Mere reprints of early English works soon became uncommon, and almost all works contained fuller scholarly apparatus.3 Editions of single printed works have, however, continued to the present day, although from an early date mostly with ancillary documentation from manuscript sources: the second volume initiated this category of publication. Collections of material from a variety of sources of more or less equal value, printed and manuscript, began with the fourth volume and eventually became another significant category: the term ‘collections’ first appeared in a title in 1914. The most regularly occurring among the printed sources set alongside manuscript sources have been Hakluyt and his successor Purchas, followed by Ramusio, the Churchill collection, and the Calendars of State Papers, their accounts being thus augmented or in some instances corrected.
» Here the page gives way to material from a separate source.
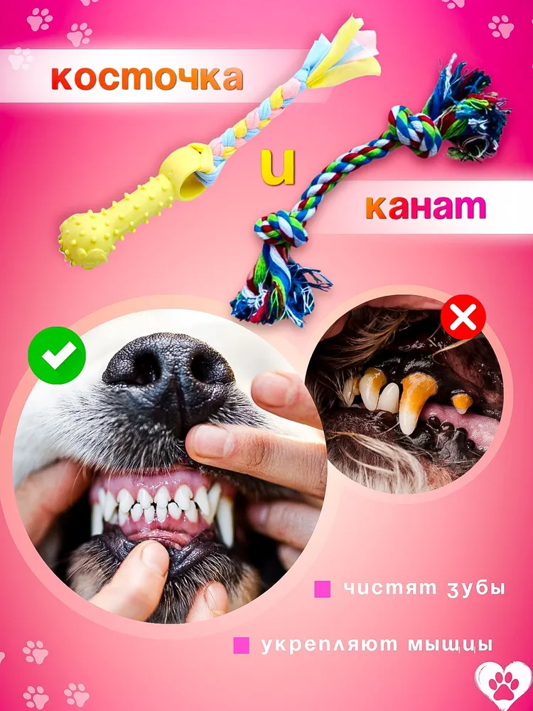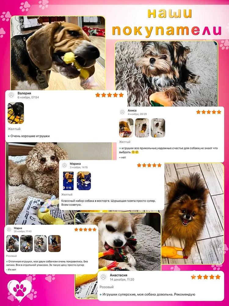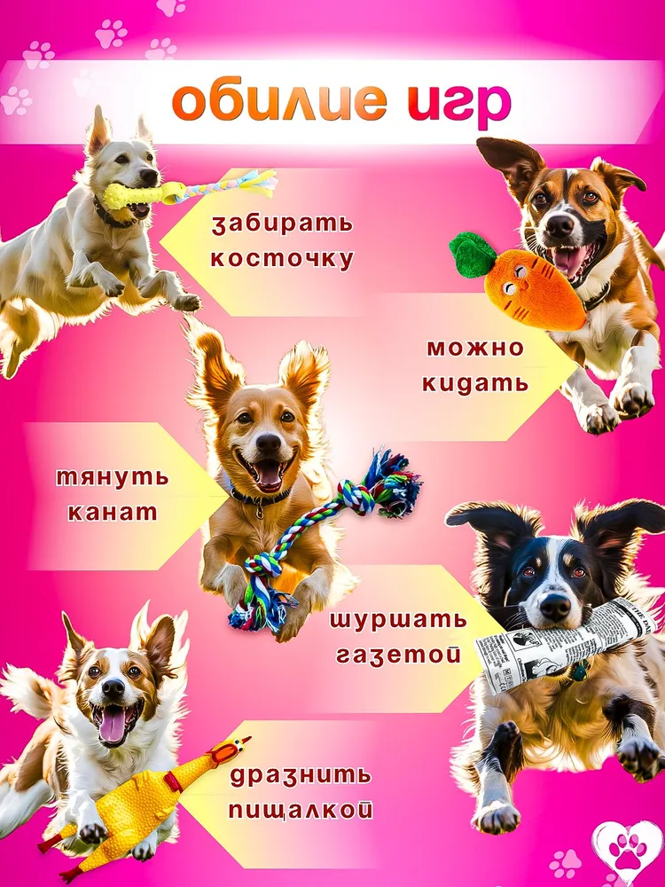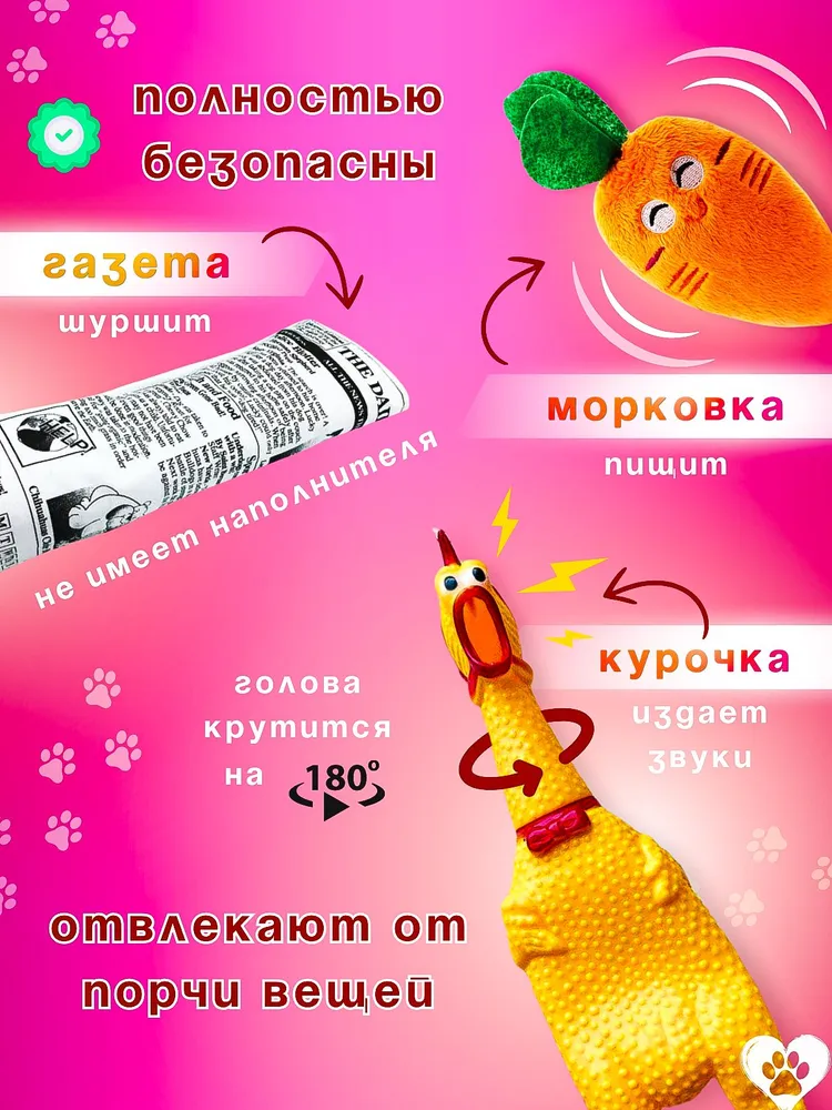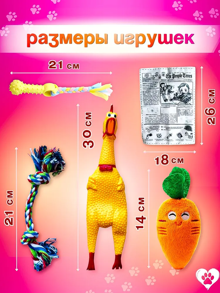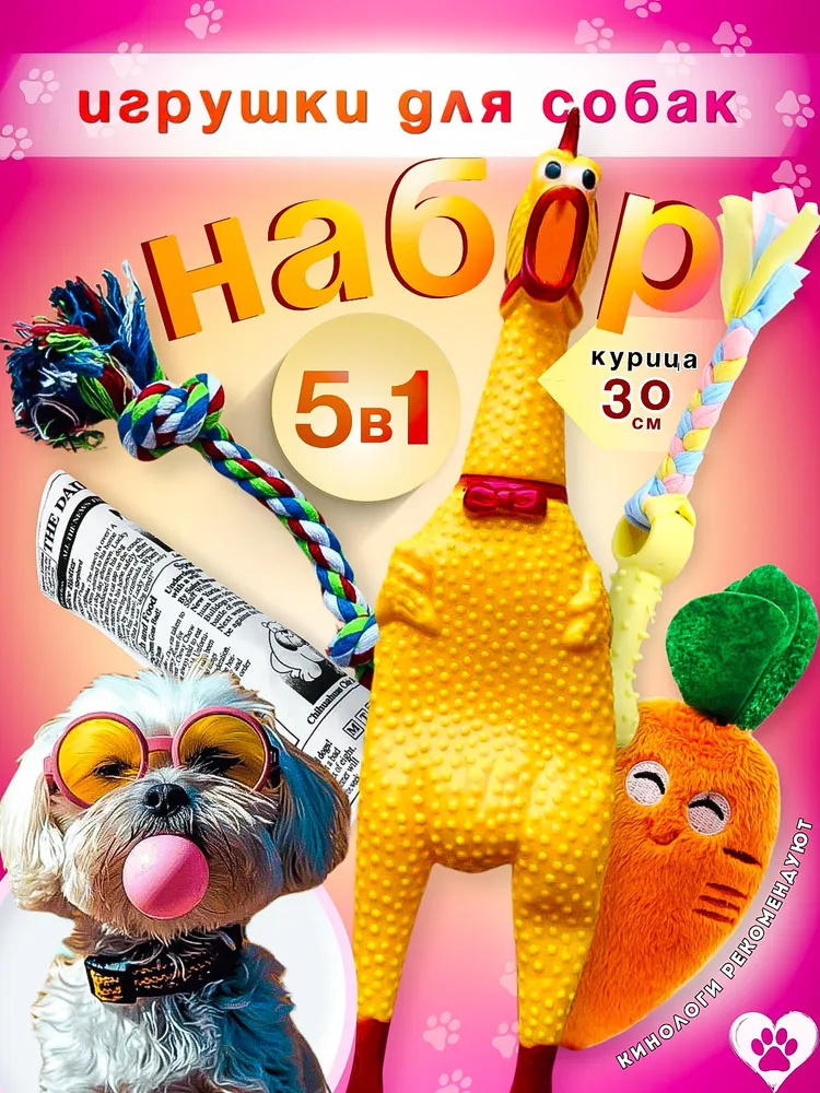Игрушки для собак - это лучшее решение для ваших питомцев. Вы будете спокойны за своего четвероногого друга, купив набор игрушек для собак, который отлично подойдет не только для активных игр и дрессировки, но и просто послужит заменителем вашей обуви в виде зоотоваров для собак.Игрушки для собак мелких пород и щенков выполнены из безопасных гипоаллергенных материалов и не имеют каких-либо посторонних химических запахов. Для производства использовался 100% хлопок и высоко качественной резины (аналог силикона и латекса), что делает игрушки для животных особенно долговечными.Набор 5 в1 состоит из:1.Курица игрушка для собак длинной 30см. Курица пищалка представляет собой интерактивную дразнилку, способную порадовать не только вашего питомца, но и вас самого.2.Мягкая «антивандальная» игрушка газета шуршалка для собак - обязательно порадует Вашего питомца, ведь она создана для долгих игр. Игрушки для мелких пород собак выполнены из прочной спецткани . Игрушка для щенка не имеет вышитых элементов и внешней фурнитуры, что делает развивающие игрушки для собак абсолютно безопасными для здоровья собаки и кошки.3.Игрушечная массажная кость с канатиками 20см. Резиновая игрушка для собак имеет специальные мягкие шипы, которые чистят и прорезывают зубы, массажируя десна и обеспечивая гигиену полости рта. Идеальный грызак для собак.4.Высокопрочный канат 23 см, подойдет для игры собачки в перетяжки а также выполнит роль дразнилки и кусалки. Служит как грызунок для собак. Идеальная канатная веревка5.Мягкая морковка - пищалка. прекрасно снимет антистресс и заменит ваши домашние тапочки. Товары для животных подходят по размеру щенкам и маленьким породам собак. Игрушки для маленьких собак отлично подойдут для щенков от 2х месяцев, различных парод. Игрушка для собак средних пород можно использовать как собачий антистресс так и для поддержания тонуса и физической формы Вашего питомца.

Documents from manuscript sources (the definition necessary because early editions used the term ‘documents’ to include printed sources) increasingly became the major texts in editions. Editions in which the base work is a single hitherto unpublished manuscript began with one in 1866 and continued with others in 1882 and 1887–1889.1 For long these formed a small proportion of editions but latterly have become common. Collections wholly or largely of previously unpublished archive documents (as distinct from a single manuscript) began with a 1914 edition by Zelia Nuttall and continued in the inter-wars editions of Irene Wright and the more recent editions of David Quinn, Kenneth Andrews, and others of the ‘Quinn school’.2 In the nineteenth century editorial search for and discovery of hitherto unknown archive material was almost always limited to investigations in British repositories such as the British Museum, Public Record Office and India Office, any original material from foreign archives having been searched for and discovered by local scholars, albeit usually at the request of the HS editor. As late as 1932 a North American scholar asserted that British editors failed to undertake, personally, extensive searches in foreign archives.3
Certain features of editions began commendably early: the second volume had an original index, the third a map, and the fourth a translation of a transcribed foreign manuscript.4 Illustrations in various technical forms - some illustrations more decorative than relevantly informative - were soon occasionally inserted, and after about 1880 regularly inserted.1 The size of editions expanded. The first two-volume edition appeared in 1851 and 1852; the third, two volumes issued both in 1866, achieved a bumper 947 pages.2 Two-volume editions became common from the 1880s. A three-volume edition was published in 1887–1889, and another was issued in a single year, 1896; a number of such editions have followed since.3 A four-volume edition appeared 1875–1884, and two have been published in recent decades. Publication of a six-volume edition took from 1907 to 1936 to complete; a five-volume edition, begun by one editor in 1958, will probably be completed by a successor editor in 1997.4 In 1871, 1896, and several more times up to the 1940s members received over one thousand pages for a one-guinea subscription.5
Whereas Richard Hakluyt concentrated on assembling material relating to English ventures and hence largely in English, the Society from the start looked further afield - perhaps surprisingly. One of the Society’s earliest decisions was to select as the emblem on each of its volumes a logo of Magellan’s ship, the ‘Victoria’, presumably symbolising its intention of intellectual circumnavigation.1 Its second volume commemorated a non-English voyager, Columbus (although this was possibly a gesture of invitation to anglophone North America); and over two-thirds of the First Series volumes related to foreign activities, Spanish ones being well to the fore, partly as a result of the editorial enthusiasm of Clements Markham. The present century has seen a slightly larger proportion of editions devoted to English ventures, helped by William Foster’s series of editions on individual East Indian voyages (and encouragement of others to work in this field), while the dominance of Spanish among the foreign-language sources deployed has been somewhat reduced, Portuguese texts gaining ground and Dutch, French and Latin sources becoming more common.1 About one tenth of all editions include translations of sources in more than one language, a proportion that has not greatly increased in the present century. Modern editors tend to offer material from only two or three foreign languages and an 1857 edition which claimed sources in Latin, Persian, Russian and Italian represented a geographical spread of languages hardly again matched.2 If this concern for foreign-language texts represents some divergence from Richard Hakluyt’s own concern, the Society has nevertheless paid tribute to the master, and made his texts very much more accessible, by being associated with reprints of Principal Navigations in 1903–1905 and of Purchas’s Hakluytus Posthumus in 1905–1907, by publishing an edition of Divers Voyages in 1850, by publishing facsimile reprints of Principall Navigations in 1965 and of the manuscript Western Planting in 1993, and by producing, as a guide to the texts, a Hakluyt Handbook in 1974.3
When Richard Hakluyt, recording English voyages, had to use foreign-language material he normally gave the reader an English translation, as well as the original or, more often, instead of it. The Society has followed suit by normally publishing texts only in English, foreign-language source...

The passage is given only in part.